Source records:
++++++++++++++++++++
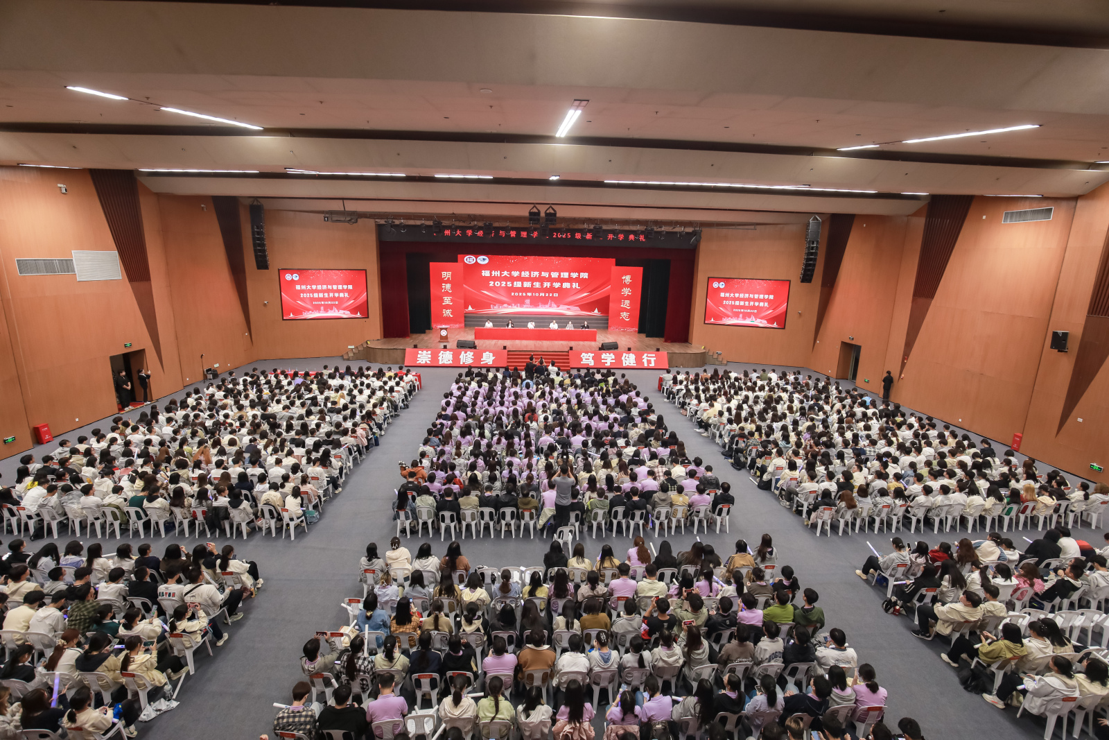 2025年10月22日晚,福州大学经济与管理学院2025级新生开学典礼于旗山校区宏晖文体综合馆隆重举行。院党委书记石炳文,党委副书记王三强、高银燕,副院长梁红艳、吴鹏,党委委员胡慧芳出席典礼;院中层干部、新生班主任、辅导员、各项表彰学生代表以及1200余名2025级全体新生到场参加。典礼由院党委副书记王三强主持。
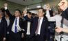 자유한국당 황교안 대표가 26일 오전 국회 의안과 앞에서 공직선거법과 고위공직자범죄수사처법 등의 패스트트랙 저지를 위한 국회 농성을 계속중인 의원들과 당직자들을 격려 방문, 구호에 맞춰 손을 들어보이고 있다. [연합] |
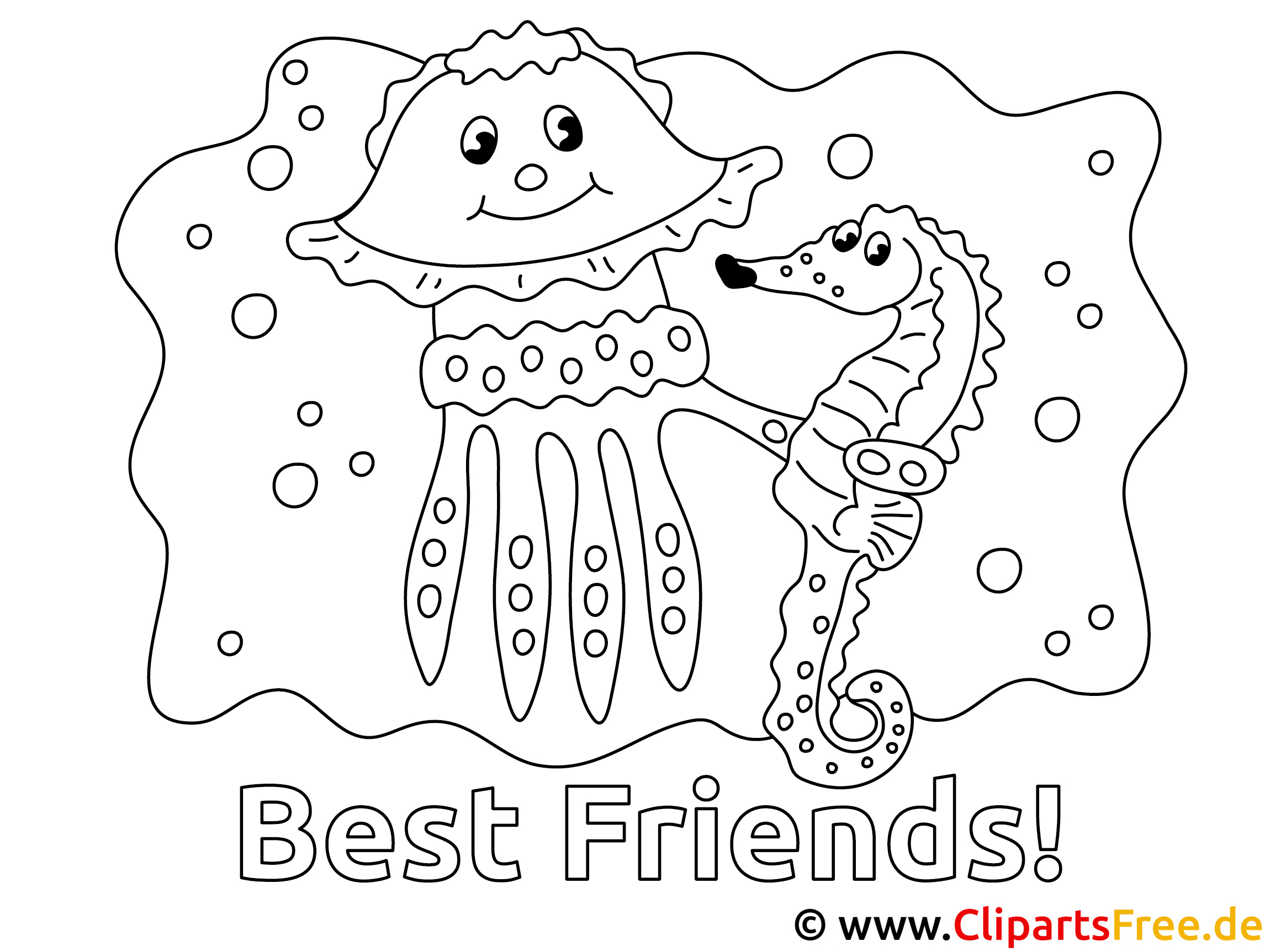 Das Ausmalbild zeigt zwei niedliche Meeresbewohner: eine farbenfrohe Qualle und ein träumerisches Seepferdchen. Die Qualle hat ein breites Grinsen, scheint richtig froh zu sein. Ihre langen Tentakeln sehen fast wie eine Art Wasserfall aus, der in die Tiefe fließt. Das Seepferdchen hingegen schaut neugierig und aufgeschlossen. Zwischen den beiden steht ein herzlicher Schriftzug, der „Best Friends!“ verkündet. Einfach süß, oder? Und ganz ehrlich, wer könnte bei so einem Bild nicht die Freude zu spüren? Es ist eine wahre Einladung, die eigene Kreativität herauszulassen und das Bild mit bunten Farben zu füllen.
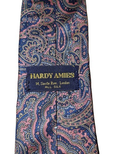 - Hardy Amies London All Silk Men's Paisley Pink Blue Gold Tie 58"
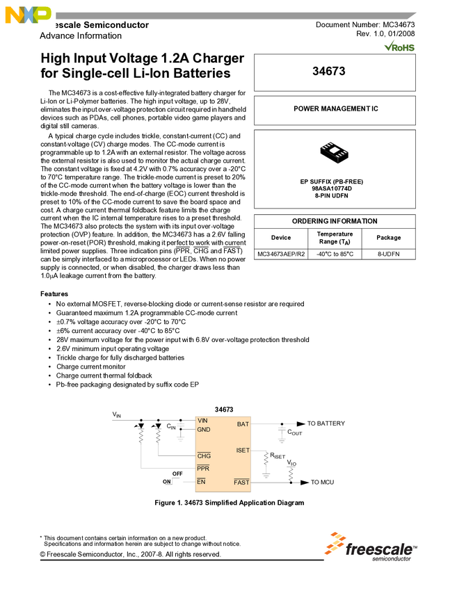 Evaluation Kit - MC34673, 1.2 A High-Input-Voltage Charger for 1-Cell Li-Ion/Li-Polymer Batteries
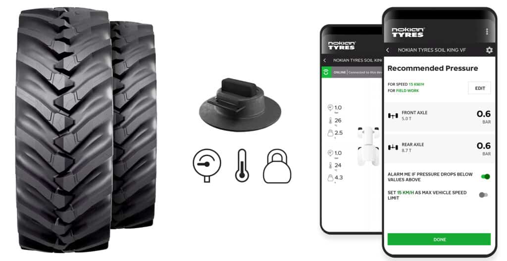Bardzo ważny w przypadku pracy ciągników rolniczych jest wybór odpowiedniego ciśnienia w oponach. Ma on bowiem wpływ na zagęszczanie gleby i zwiększenia trakcji na polu. Ma przełożenie również na opory toczenia na drodze. Jednym z czynników decydujących o wyborze odpowiedniego ciśnienia w oponach jest masa traktora. Do tej pory wymagane było zważenia ciągnika wraz z osprzętem. Nokian Tyres opracował dla opon Soil King VF system Intuitu 2.0 Smart Pressure Assistant, który podaje zalecenie ciśnienie opon do jazdy po drogach i po polu w zależności od obciążenia osi. Wykorzystuje on najnowszą generację czujników opon, dzięki którym obciążenie można określić podczas jazdy w zaledwie kilku minut. System uwzględnia prędkość jazdy, konfigurację ciągnika i stan podłoża, osiągając dokładność pomiaru obciążenia +/- 5 procent. Wartości te można następnie wykorzystać w centralnym systemie regulacji ciśnienia w oponach. W przypadku zmiany ciężaru urządzenia lub balastu, pomiar obciążenia można szybko i łatwo powtórzyć.
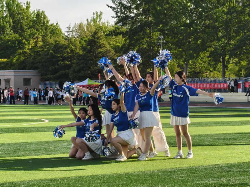 2025年4月24日潍坊学院运动会盛大开幕。赛场上不仅有运动员的拼搏,还有一支鼓舞士气的队伍——啦啦操。生物与海洋学院啦啦操队员们身着鲜艳的啦啦操服,脸上洋溢着自信的笑容,为即将到来的比赛热身。
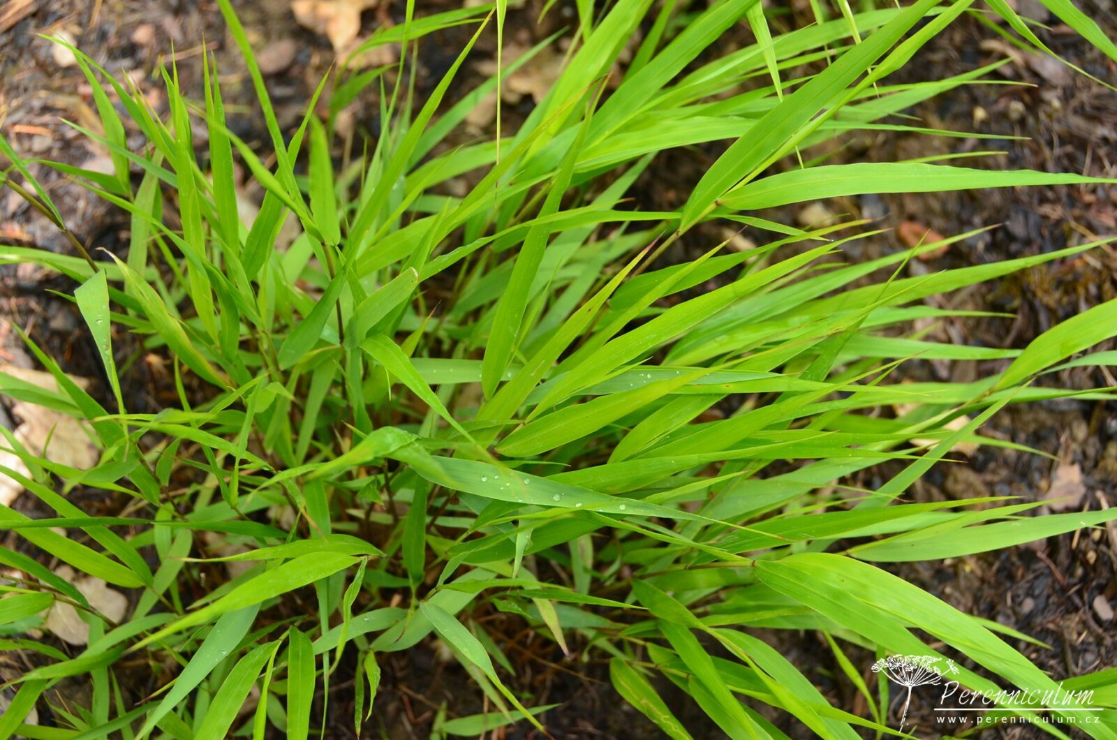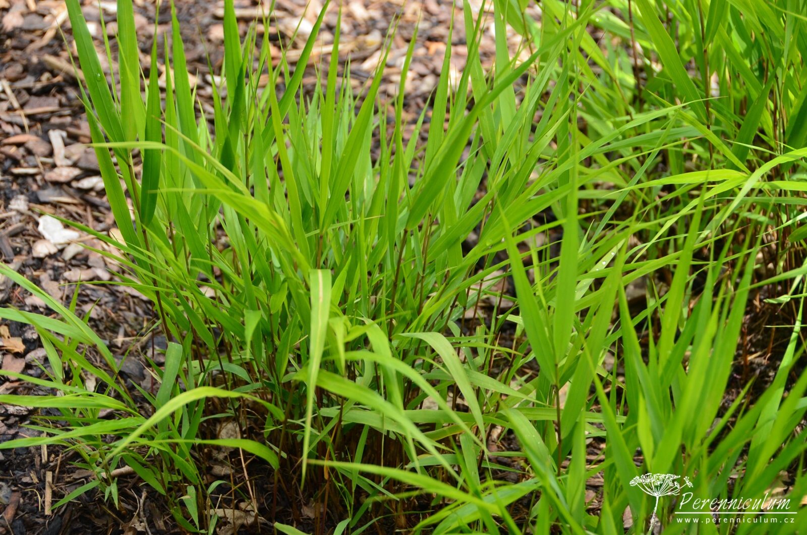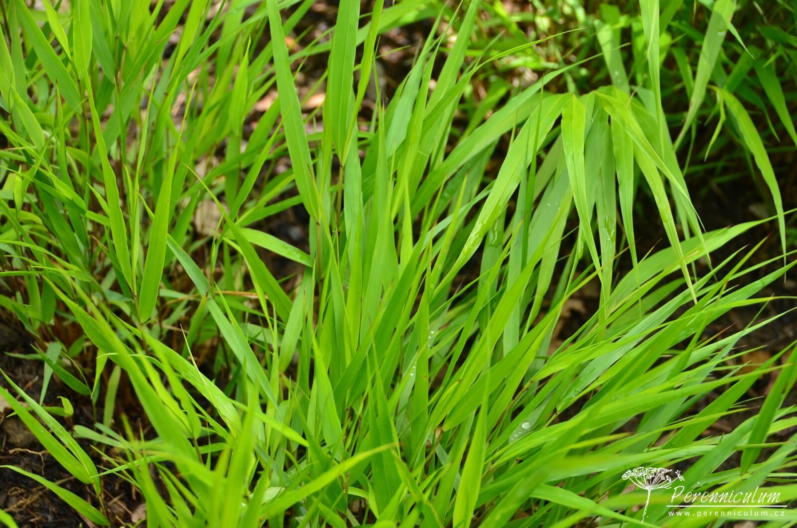 Hakonechloa macra je endemitem jihovýchodní části ostrova Honshu v Japonsku, kde roste ve vlhkých štěrbinách a spárách skal. Obloukovitě převisající, úzké, dlouhé listy vytváří úhledný, hustý, kopečkovitý trs, jehož průměr může v dospělosti dosáhnout až 60 cm. Dlouze řapíkaté, jasně zelené, necelý centimetr široké listy se na podzim barví do bronzovočervena. Od srpna nesou dlouhé, tenké, obloukovitě přepadající stonky nenápadné, rozvolněné klásky béžové až mahagonové barvy.
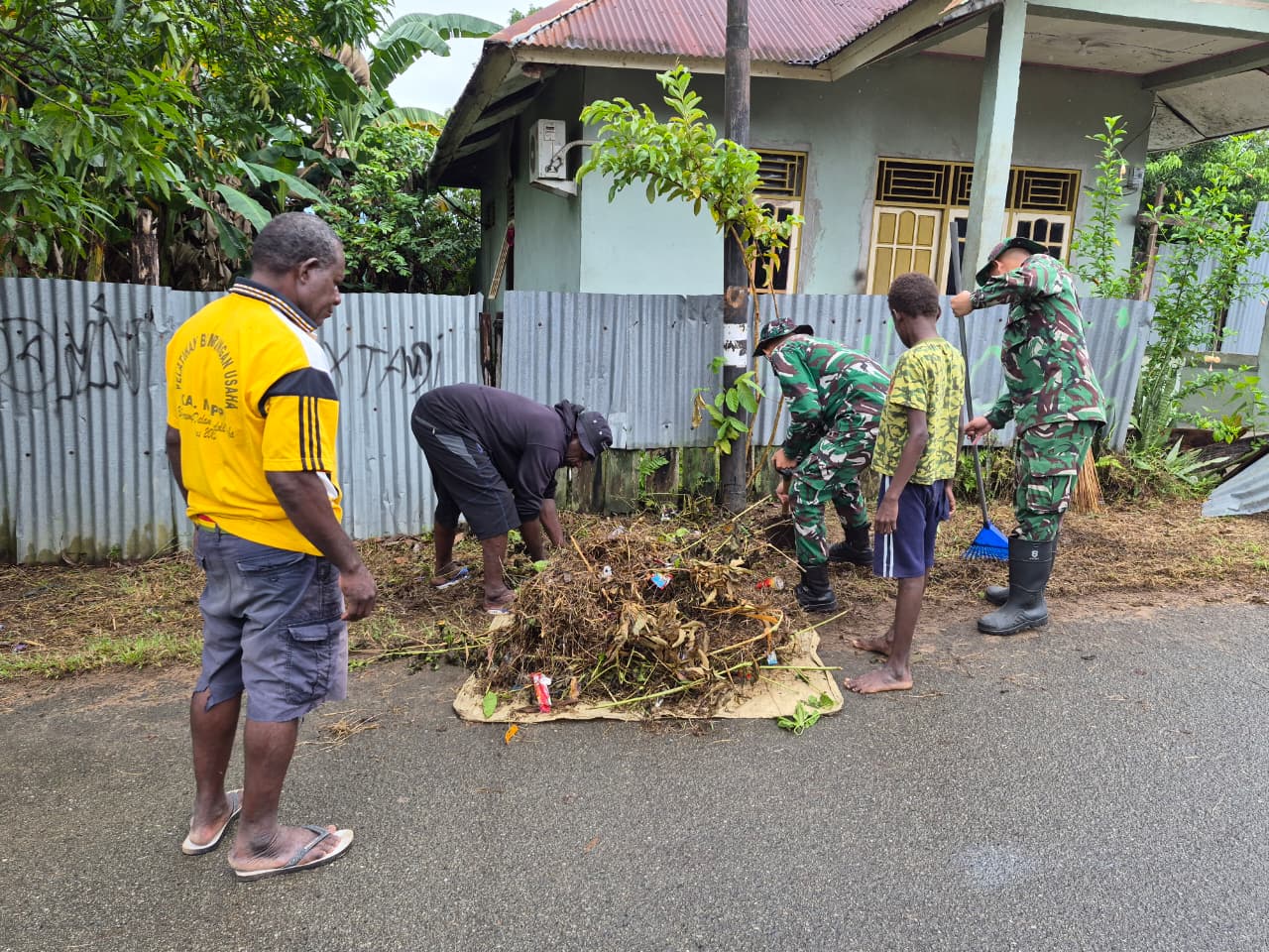 Kabupaten Mappi, Papua Selatan, Barometer99.com – Pos Kotis Satgas Yonif 123/Rajawali melaksanakan kegiatan karya bhakti yang terfokus di sekitar Pelabuhan Kepi, Jl. Wogi RT 1, Kecamatan Obaa, pada hari Jumat (19 Desember 2025). Kegiatan ini menjadi bagian dari serangkaian program kemitraan dengan masyarakat setempat guna meningkatkan kebersihan dan kenyamanan di area yang menjadi pintu masuk penting Kabupaten Mappi.
++++++++++++++++++++
▶ [ASSIGNMENT]: Leave the pictures out, and transcribe each of the records exactly.

▶ [ANSWER BELOW]:
 2025年10月22日晚,福州大学经济与管理学院2025级新生开学典礼于旗山校区宏晖文体综合馆隆重举行。院党委书记石炳文,党委副书记王三强、高银燕,副院长梁红艳、吴鹏,党委委员胡慧芳出席典礼;院中层干部、新生班主任、辅导员、各项表彰学生代表以及1200余名2025级全体新生到场参加。典礼由院党委副书记王三强主持。
 자유한국당 황교안 대표가 26일 오전 국회 의안과 앞에서 공직선거법과 고위공직자범죄수사처법 등의 패스트트랙 저지를 위한 국회 농성을 계속중인 의원들과 당직자들을 격려 방문, 구호에 맞춰 손을 들어보이고 있다. [연합] |
 Das Ausmalbild zeigt zwei niedliche Meeresbewohner: eine farbenfrohe Qualle und ein träumerisches Seepferdchen. Die Qualle hat ein breites Grinsen, scheint richtig froh zu sein. Ihre langen Tentakeln sehen fast wie eine Art Wasserfall aus, der in die Tiefe fließt. Das Seepferdchen hingegen schaut neugierig und aufgeschlossen. Zwischen den beiden steht ein herzlicher Schriftzug, der „Best Friends!“ verkündet. Einfach süß, oder? Und ganz ehrlich, wer könnte bei so einem Bild nicht die Freude zu spüren? Es ist eine wahre Einladung, die eigene Kreativität herauszulassen und das Bild mit bunten Farben zu füllen.
 - Hardy Amies London All Silk Men's Paisley Pink Blue Gold Tie 58"
 Evaluation Kit - MC34673, 1.2 A High-Input-Voltage Charger for 1-Cell Li-Ion/Li-Polymer Batteries
Bardzo ważny w przypadku pracy ciągników rolniczych jest wybór odpowiedniego ciśnienia w oponach. Ma on bowiem wpływ na zagęszczanie gleby i zwiększenia trakcji na polu. Ma przełożenie również na opory toczenia na drodze. Jednym z czynników decydujących o wyborze odpowiedniego ciśnienia w oponach jest masa traktora. Do tej pory wymagane było zważenia ciągnika wraz z osprzętem. Nokian Tyres opracował dla opon Soil King VF system Intuitu 2.0 Smart Pressure Assistant, który podaje zalecenie ciśnienie opon do jazdy po drogach i po polu w zależności od obciążenia osi. Wykorzystuje on najnowszą generację czujników opon, dzięki którym obciążenie można określić podczas jazdy w zaledwie kilku minut. System uwzględnia prędkość jazdy, konfigurację ciągnika i stan podłoża, osiągając dokładność pomiaru obciążenia +/- 5 procent. Wartości te można następnie wykorzystać w centralnym systemie regulacji ciśnienia w oponach. W przypadku zmiany ciężaru urządzenia lub balastu, pomiar obciążenia można szybko i łatwo powtórzyć.
 2025年4月24日潍坊学院运动会盛大开幕。赛场上不仅有运动员的拼搏,还有一支鼓舞士气的队伍——啦啦操。生物与海洋学院啦啦操队员们身着鲜艳的啦啦操服,脸上洋溢着自信的笑容,为即将到来的比赛热身。
 Hakonechloa macra je endemitem jihovýchodní části ostrova Honshu v Japonsku, kde roste ve vlhkých štěrbinách a spárách skal. Obloukovitě převisající, úzké, dlouhé listy vytváří úhledný, hustý, kopečkovitý trs, jehož průměr může v dospělosti dosáhnout až 60 cm. Dlouze řapíkaté, jasně zelené, necelý centimetr široké listy se na podzim barví do bronzovočervena. Od srpna nesou dlouhé, tenké, obloukovitě přepadající stonky nenápadné, rozvolněné klásky béžové až mahagonové barvy.
 Kabupaten Mappi, Papua Selatan, Barometer99.com – Pos Kotis Satgas Yonif 123/Rajawali melaksanakan kegiatan karya bhakti yang terfokus di sekitar Pelabuhan Kepi, Jl. Wogi RT 1, Kecamatan Obaa, pada hari Jumat (19 Desember 2025). Kegiatan ini menjadi bagian dari serangkaian program kemitraan dengan masyarakat setempat guna meningkatkan kebersihan dan kenyamanan di area yang menjadi pintu masuk penting Kabupaten Mappi.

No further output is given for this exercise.